Fri Aug 31 15:06:14 MDT 2018

Hey, folks. I’ve got a Slurm 17.02 cluster (RPMs provided by Bright Computing, if it matters) with both gigabit Ethernet and Infiniband interfaces. Twice in the last year, I’ve had a failure inside the stacked Ethernet switches that’s caused Slurm to lose track of node and job state. Jobs kept running as normal, since all file traffic is on the Infiniband network.

In both cases, I wasn’t able to cleanly recover. On the first outage, my attempt at recovery (pretty sure I forcibly drained and resumed the nodes) caused all active jobs to be killed, and then the next group of queued jobs to start. On the second outage, all active jobs were restarted from scratch, including truncating and overwriting any existing output. I think that involved my restarting slurmd or slurmctld services, but I’m not certain.

I’ve built a VM test environment with OpenHPC and Slurm 17.11 to simulate these kinds of failures, but haven’t been able to reproduce my earlier results. After a sufficiently long network outage, I get downed nodes with "Reason=Duplicate jobid”.

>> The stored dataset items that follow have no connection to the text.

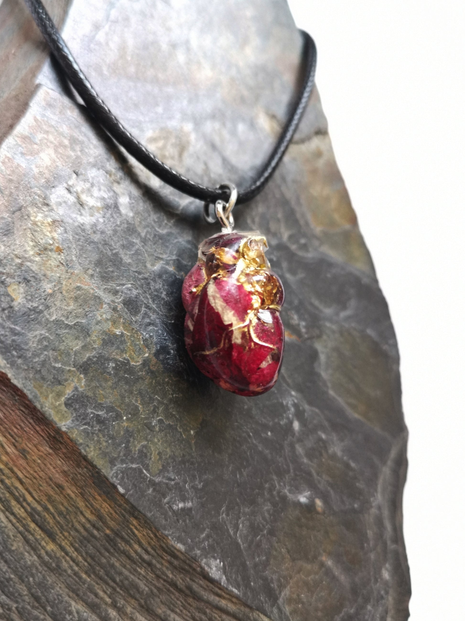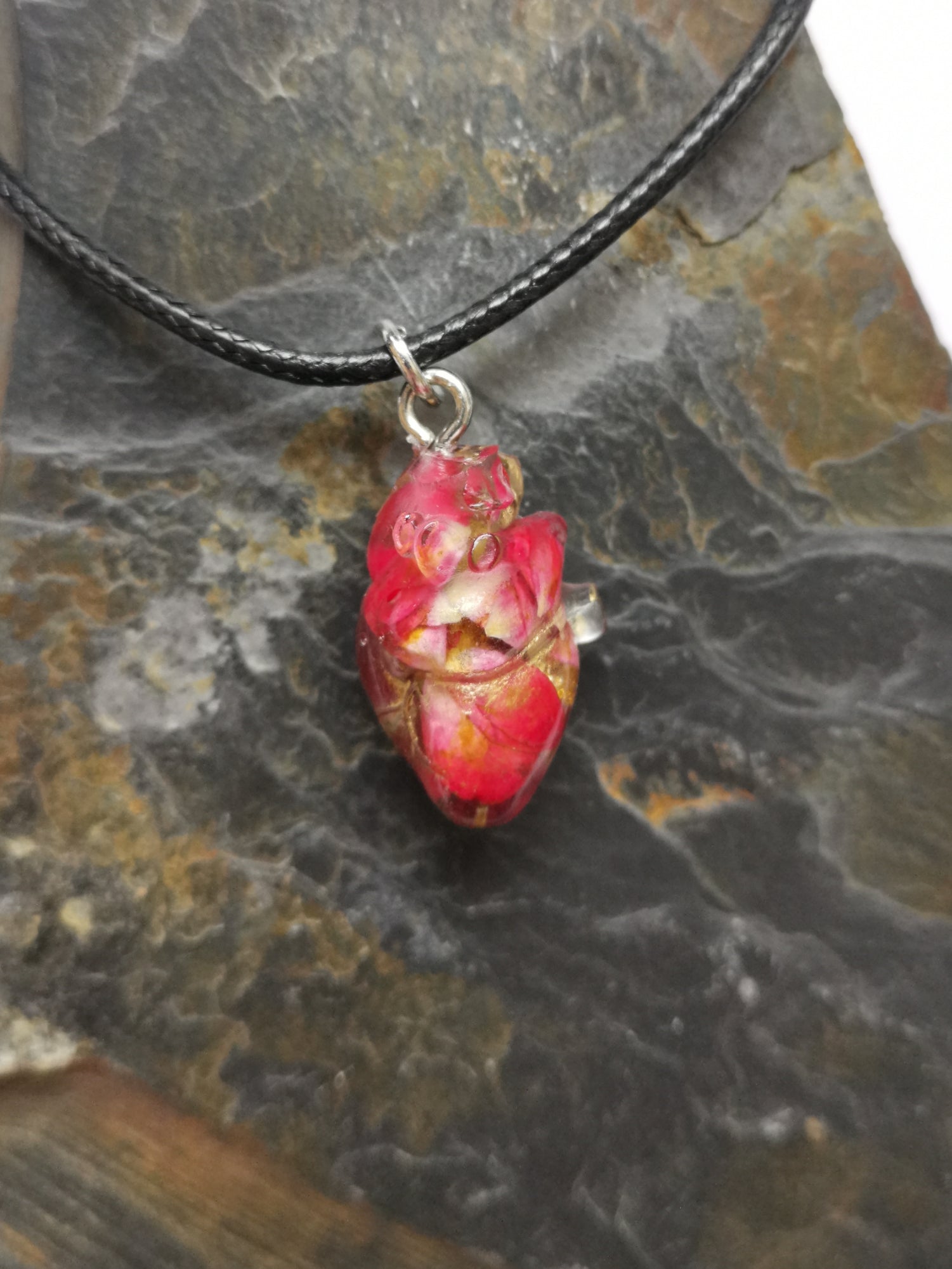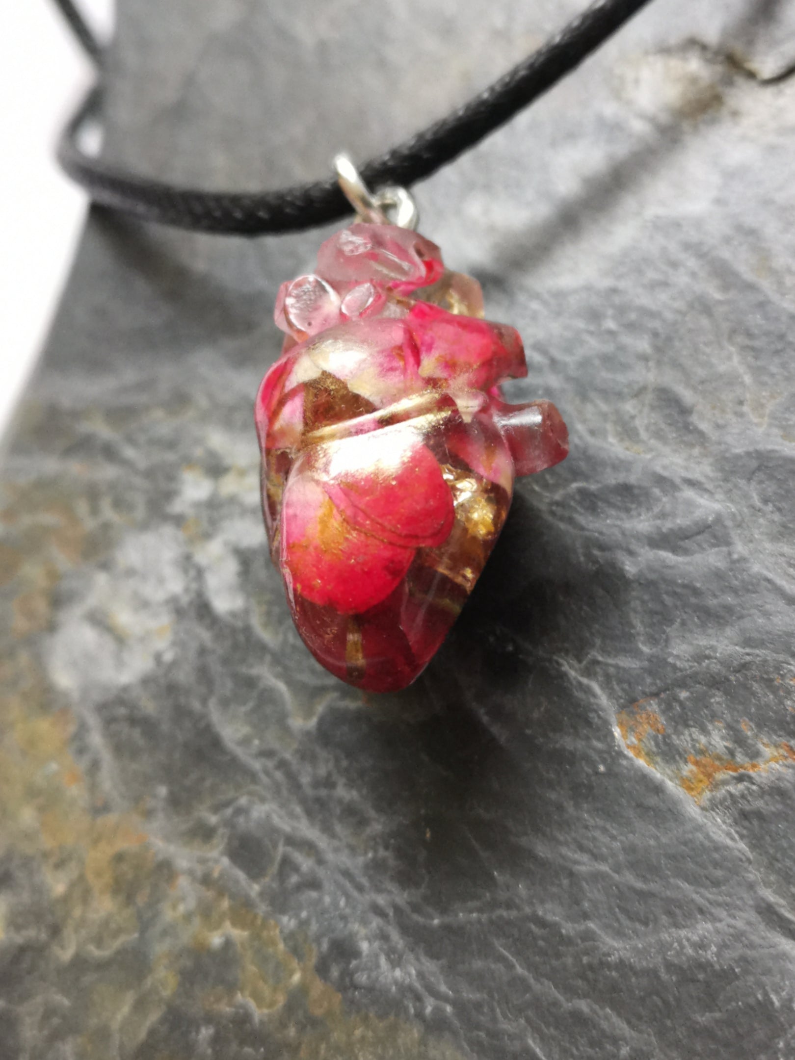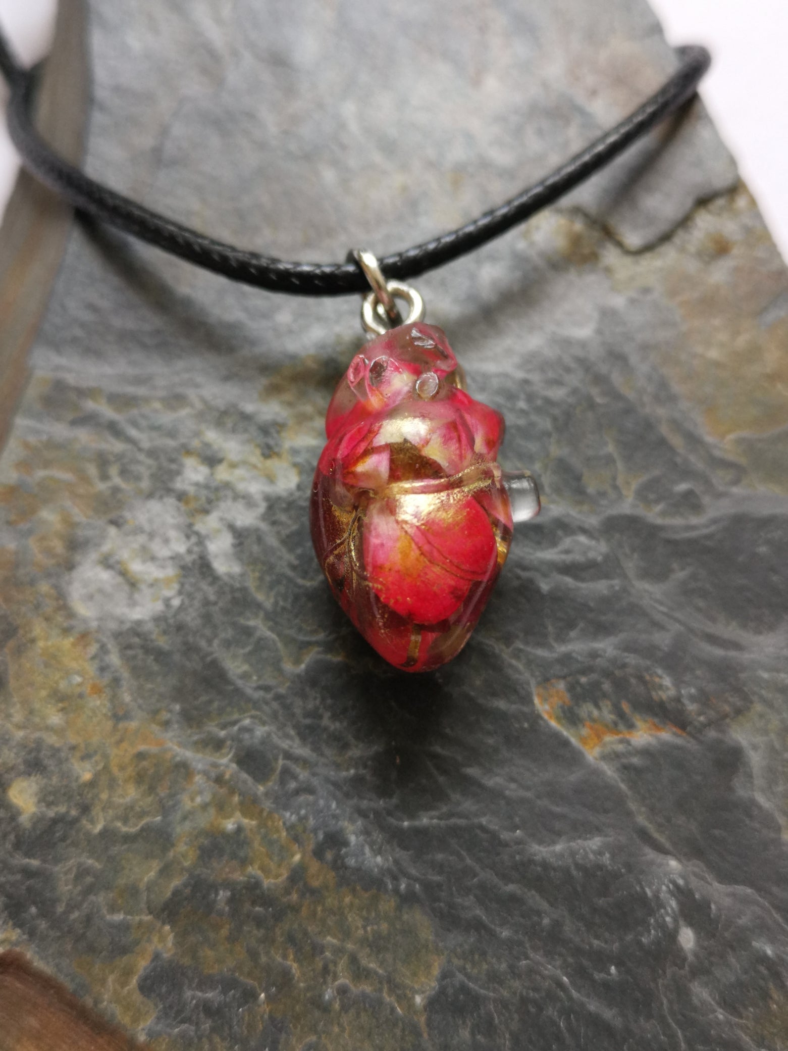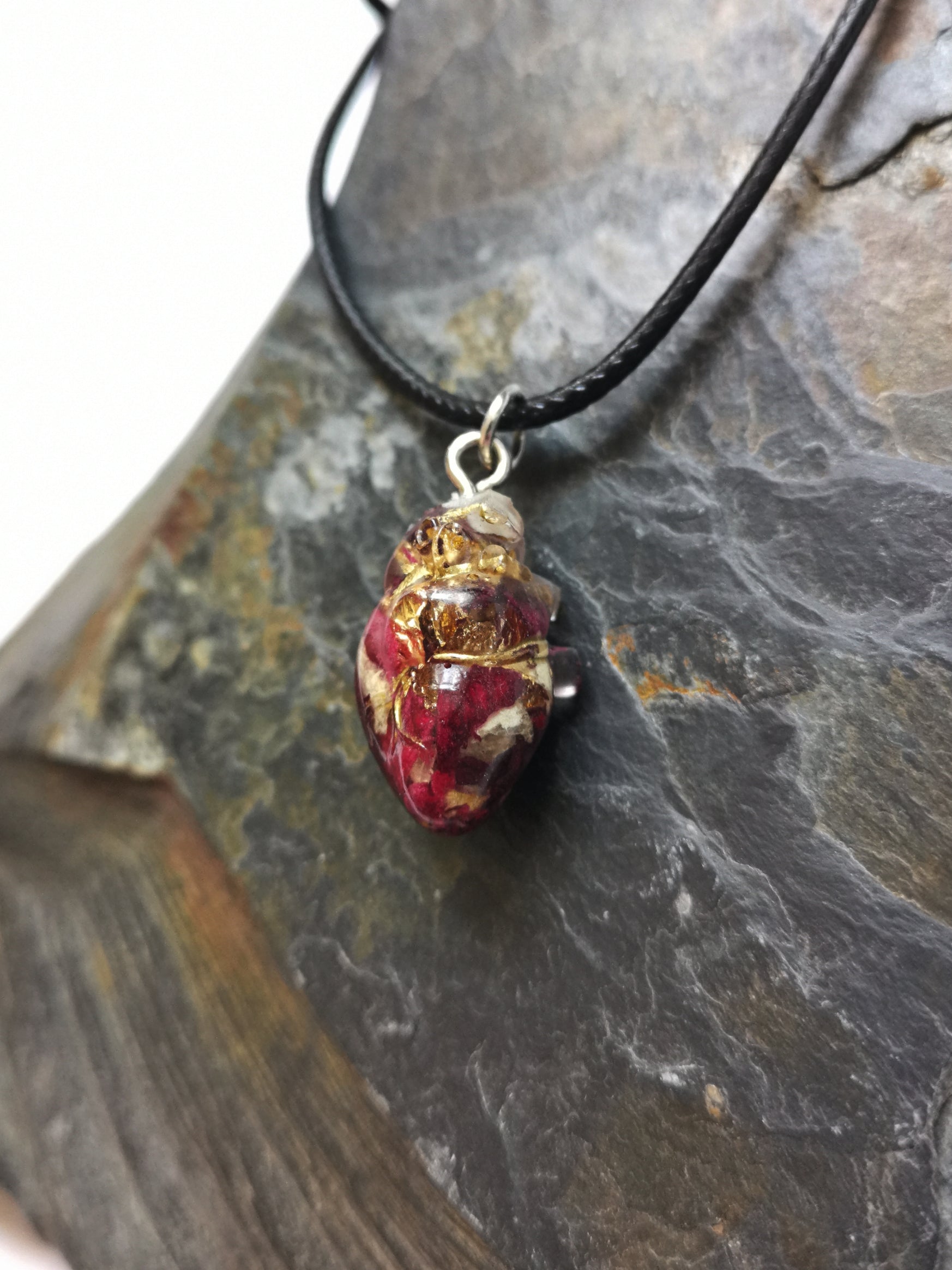 Let them fall in love with these resin pendants of realistic hearts decorated with flowers, gold or silver leaves, or even colors. Add a romantic, gothic and original touch to any look.
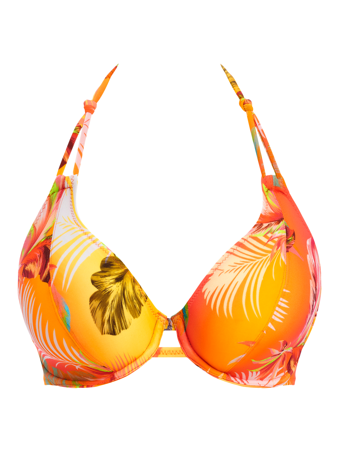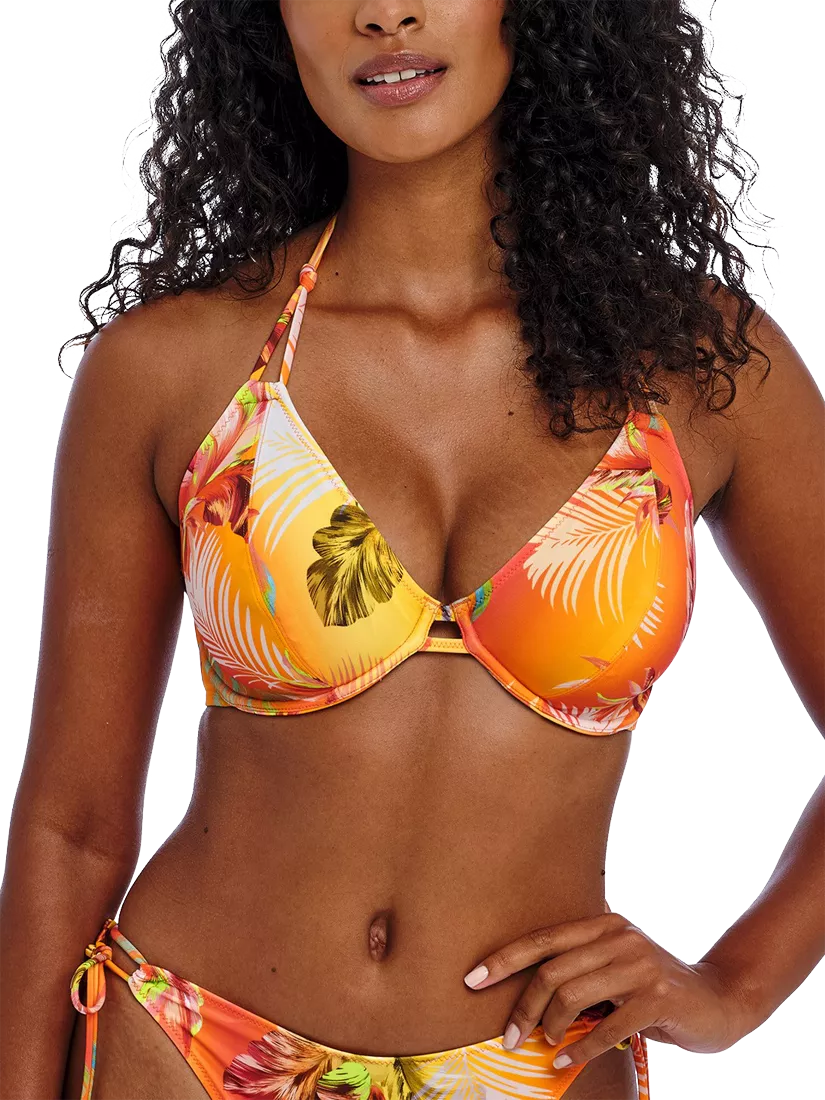 The Underwire Halter Bikini Top features a sexy low plunging neckline and underwire in a bandless style for less coverage.
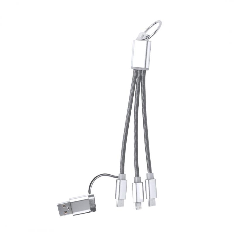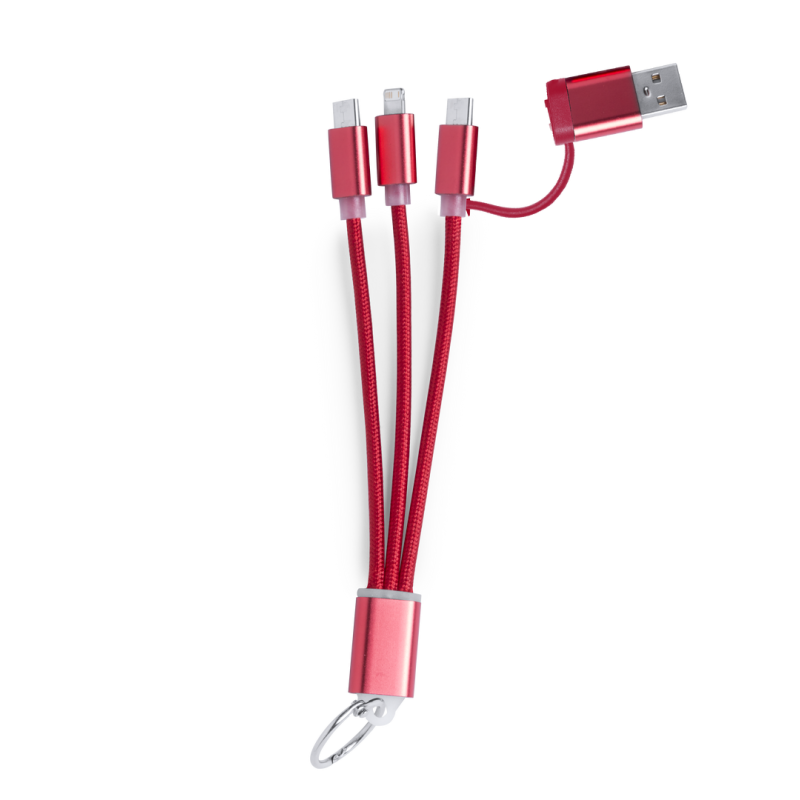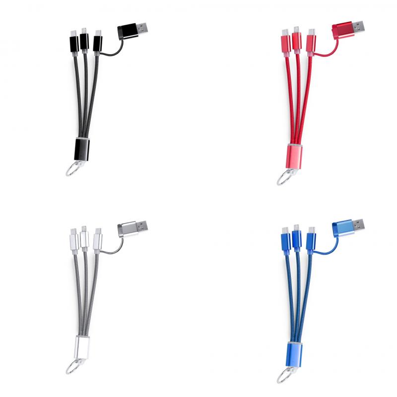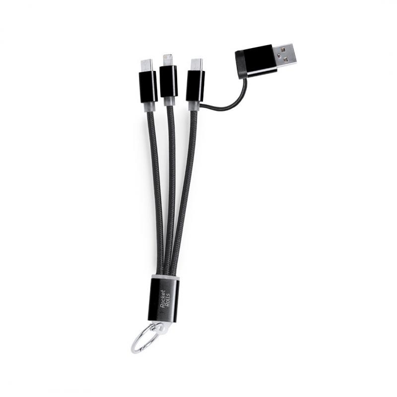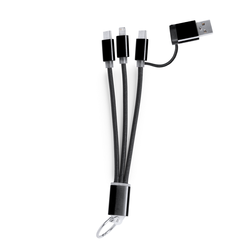 Cable cargador con conexión dual micro USB/Lightning y tipo C (entrada y salida). Conectores de aluminio y chapa especialmente diseñada para marcaje en láser.
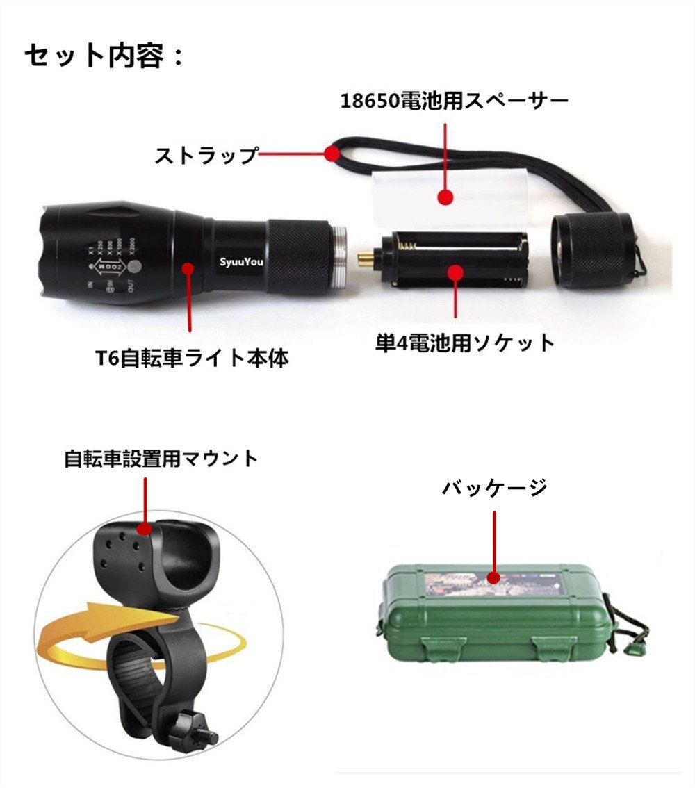 SyuuYou CREE's Ultrahigh Brightness LED Using XML-T6 Super Light Light Bicycle Light with Light Holder.

Basically, I’d like to know what the proper procedure is for recovering from this kind of outage in the Slurm control network without losing the output from running jobs. Not sure if I can easily add any redundancy in the Ethernet network, but I may be able to add in the Infiniband network for control if that’s supported. Thanks.

-- 
Mike Renfro  / HPC Systems Administrator, Information Technology Services
931 372-3601 / Tennessee Tech University